Work item: Copy each line below as it stands, but skip any picture it contains.

Recorded information:

::::::::::

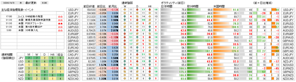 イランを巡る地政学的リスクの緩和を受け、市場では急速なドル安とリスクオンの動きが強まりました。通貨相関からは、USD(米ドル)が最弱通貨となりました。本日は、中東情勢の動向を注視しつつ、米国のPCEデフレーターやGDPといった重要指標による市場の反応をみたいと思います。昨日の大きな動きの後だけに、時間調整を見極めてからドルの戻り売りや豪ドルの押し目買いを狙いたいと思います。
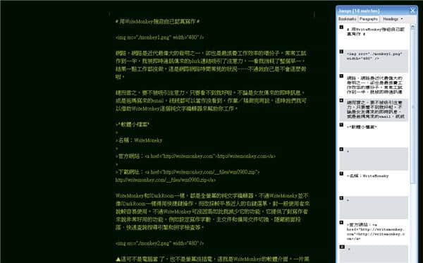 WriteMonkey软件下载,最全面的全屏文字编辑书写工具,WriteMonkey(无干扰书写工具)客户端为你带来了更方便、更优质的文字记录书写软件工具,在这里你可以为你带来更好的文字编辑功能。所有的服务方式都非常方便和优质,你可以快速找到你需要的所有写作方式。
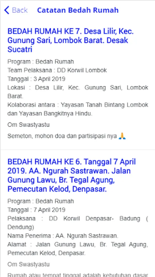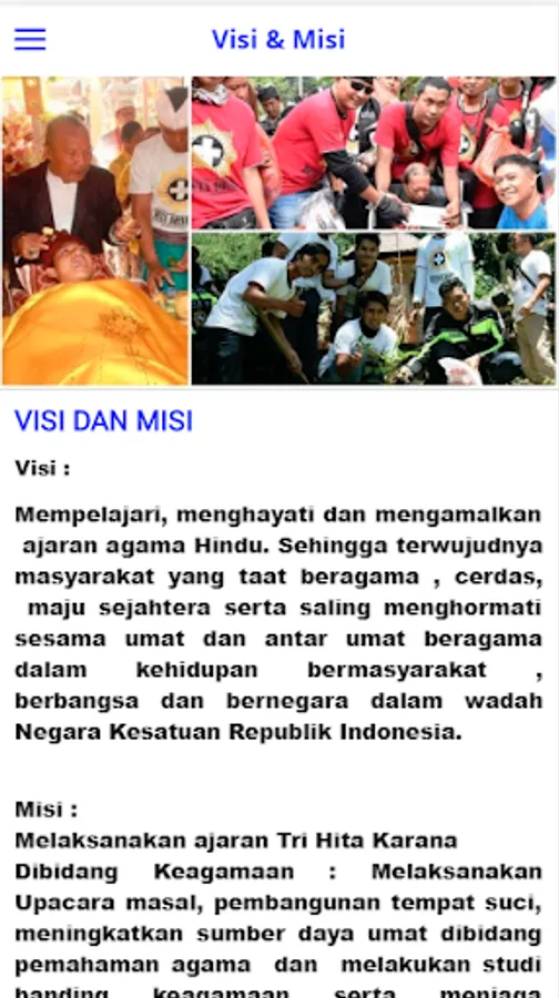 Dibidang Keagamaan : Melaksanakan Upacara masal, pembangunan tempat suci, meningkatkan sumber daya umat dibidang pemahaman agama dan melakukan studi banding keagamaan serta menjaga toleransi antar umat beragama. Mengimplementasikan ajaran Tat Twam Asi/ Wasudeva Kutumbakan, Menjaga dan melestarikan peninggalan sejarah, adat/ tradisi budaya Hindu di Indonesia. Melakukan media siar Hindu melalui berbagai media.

::::::::::

Written answer:
 イランを巡る地政学的リスクの緩和を受け、市場では急速なドル安とリスクオンの動きが強まりました。通貨相関からは、USD(米ドル)が最弱通貨となりました。本日は、中東情勢の動向を注視しつつ、米国のPCEデフレーターやGDPといった重要指標による市場の反応をみたいと思います。昨日の大きな動きの後だけに、時間調整を見極めてからドルの戻り売りや豪ドルの押し目買いを狙いたいと思います。
 WriteMonkey软件下载,最全面的全屏文字编辑书写工具,WriteMonkey(无干扰书写工具)客户端为你带来了更方便、更优质的文字记录书写软件工具,在这里你可以为你带来更好的文字编辑功能。所有的服务方式都非常方便和优质,你可以快速找到你需要的所有写作方式。
 Dibidang Keagamaan : Melaksanakan Upacara masal, pembangunan tempat suci, meningkatkan sumber daya umat dibidang pemahaman agama dan melakukan studi banding keagamaan serta menjaga toleransi antar umat beragama. Mengimplementasikan ajaran Tat Twam Asi/ Wasudeva Kutumbakan, Menjaga dan melestarikan peninggalan sejarah, adat/ tradisi budaya Hindu di Indonesia. Melakukan media siar Hindu melalui berbagai media.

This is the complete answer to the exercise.